Opis ogólny

Gotowe do użycia cząstki lentiwirusowe dCas9-VP64 umożliwiają natychmiastową transdukcję szerokiego zakresu linii komórkowych. Cząsteczki lentiwirusowe dCas9-VP64 wydajnie i stabilnie integrują dCas9-VP64 i kasetę oporności na blastycydynę połączoną peptydem 2A i napędzaną przez promotor EF1 alfa (EF1a-dCas9-VP64-2A-Blastycydyna) dla silnej ekspresji zarówno w dzielących się jak i nie dzielących się liniach komórkowych. Są one idealne do uniknięcia żmudnego procesu produkcji lentiwirusów i stanowią jedną z części trzyczęściowego systemu CRISPR z pojedynczymi dCas9-VP64. MS2-p65-HSF1 i wektorami ekspresji gRNA.
Aby zamówić gRNA w dowolnym formacie, kliknij tutaj

Zastosowanie

Funkcjonalna genomika/walidacja celu
– Bezstronne badania genetyczne
– Silna aktywacja transkrypcyjna w wielu liniach komórkowych
– Tworzenie linii komórkowych stabilnie wyrażających dCas9-VP64.

Cechy i korzyści

– Wysoce specyficzne i wysoce aktywne
– Zweryfikowane sekwencyjnie, wysokiej czystości cząsteczki lentiwirusowe o wysokim mianie
– Aktywacja genów poprzez aktywację transkrypcyjną, a nie nadekspresję opartą na cDNA
Dowiedz się więcej o SAM CRISPR Activators na SigmaAldrich.com/CRISPRa

Zasada

Systemy CRISPR/Cas są wykorzystywane przez bakterie i archaidy jako obrona przed inwazyjnymi wirusami i plazmidami.
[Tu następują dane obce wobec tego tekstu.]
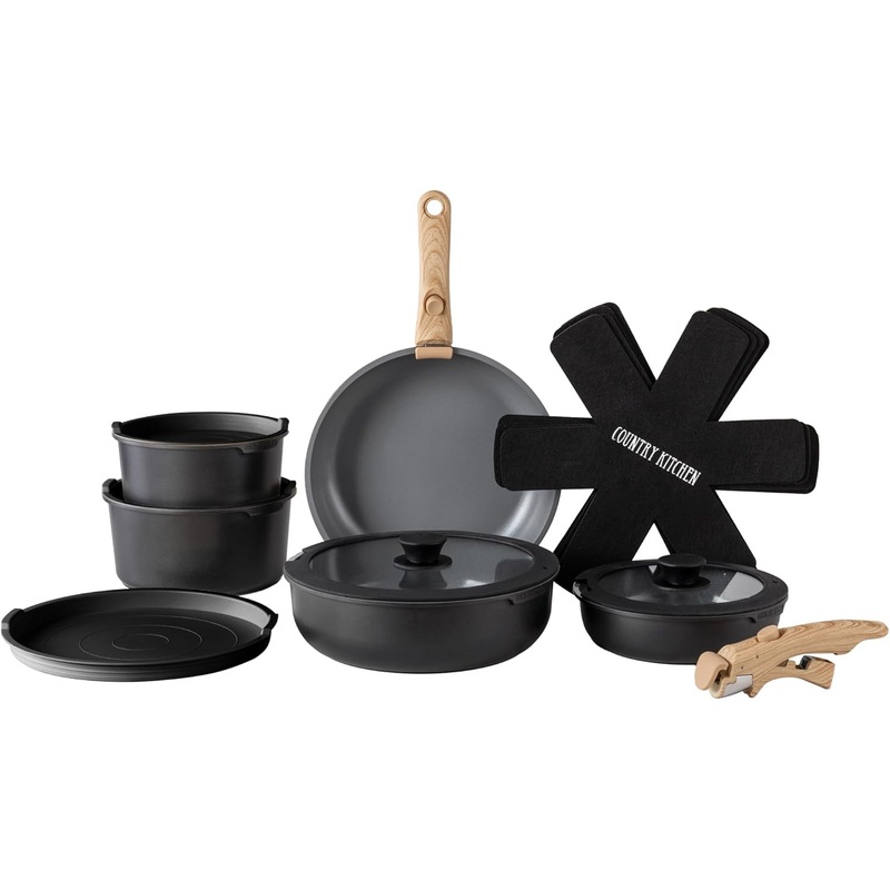 Country Kitchen Cookware Set with Removable Handle, Oven & RV Safe Pots and Pans Set, Cream Gold Speckle Wood Handle, Original, Black/Grey Wood Handle Optimal Storage: With our stackable cookware set with detachable handle, you can finally declutter your k

Ostatnio, system CRISPR/Cas typu II z bakterii Streptococcus pyogenes został przystosowany do funkcjonowania w systemach eukariotycznych przy użyciu dwóch składników molekularnych: pojedynczego białka Cas9 i niekodującego RNA prowadzącego (gRNA). Endonukleaza Cas9 może być unieczynniona (dCas9) poprzez mutacje w dwóch domenach białkowych, RuvC i HnH (odpowiednio D10A i H840A), które są odpowiedzialne za aktywność nukleazy. Białko pozbawione nukleazy może być następnie sprzężone z aktywatorem transkrypcyjnym VP64 i użyte w połączeniu z RNA prowadzącym zmodyfikowanym aptamerami MS2 RNA, które działają w celu rekrutacji dodatkowych koaktywatorów transkrypcyjnych p65 i HSF1. Złożony kompleks SAM jest następnie używany jako system dostarczania ładunku do docelowych promotorów genów, umożliwiając specyficzną dla danego miejsca aktywację transkrypcyjną interesującego nas genu.

Definicja jednostki

VP/mL jest jednostką miary stężenia dla miana wirusa szacowanego za pomocą testu p24.